# AQUATIC POND PLANTS n00b Q's!!!!



## Tanger (Apr 4, 2006)

Does any one live in OR near Seattle WASHINGTON???? 

I have been wanting a BARREL POND but I have no experience with pond plants..... can they live in the pond all year round??? 

it can rain a lot here and in the winter it can snow for about 3 days a year... but its been rarer each year...


----------



## KiltyONeal (Jan 25, 2006)

Tanger said:


> Does any one live in OR near Seattle WASHINGTON????
> 
> I have been wanting a BARREL POND but I have no experience with pond plants..... can they live in the pond all year round???
> 
> it can rain a lot here and in the winter it can snow for about 3 days a year... but its been rarer each year...


I don't live in Washington, but I can tell you that the floating plants like water hyacinth and water lettuce will start to brown and die off when the temperature gets in the 50s. There are some hardy pond lillies that can survive over the winter if you drop them down a foot or two below the surface so the frost/snow doesn't get 'em.

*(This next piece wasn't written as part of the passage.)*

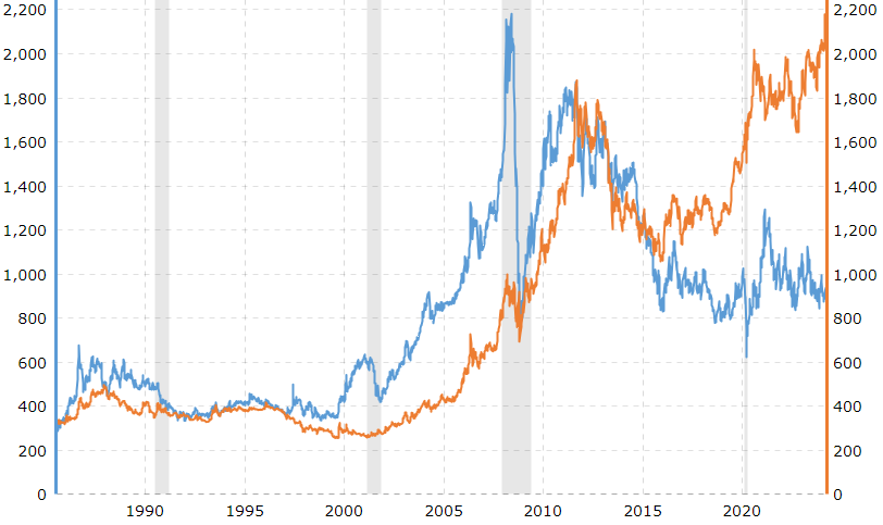 Gold and platinum prices from Aug. 12, 1985, to March 11, 2024, where gold hit a peak of $2179.47 on 3/11/2024, $2231.56 on 3/25/2024, and $2249.45 on 4/1/2024.

I live in central Ohio and I drain and flip the barrels over in the winter. After keeping the stuff outside during the summer, I always have a ton of fish and plants to giveaway or sell to my local LFS's.


----------



## Tanger (Apr 4, 2006)

where did u buy your barrels from?... i went to home depot and they had some but they didnt look like they were made too well


----------



## KiltyONeal (Jan 25, 2006)

Tanger said:


> where did u buy your barrels from?... i went to home depot and they had some but they didnt look like they were made too well


I got mine from a grocery/general supply store. Many garden centers have them too. Some places mark them down real cheap at the end of the summer. Mine are made from oak and have the Jack Daniels logo on the bottom. I added a plastic liner to make sure no water would leak out. Some hardware stores carry wood-looking barrels that are made from plastic or fiberglass. These can be nice because you don't need to add the liner.


----------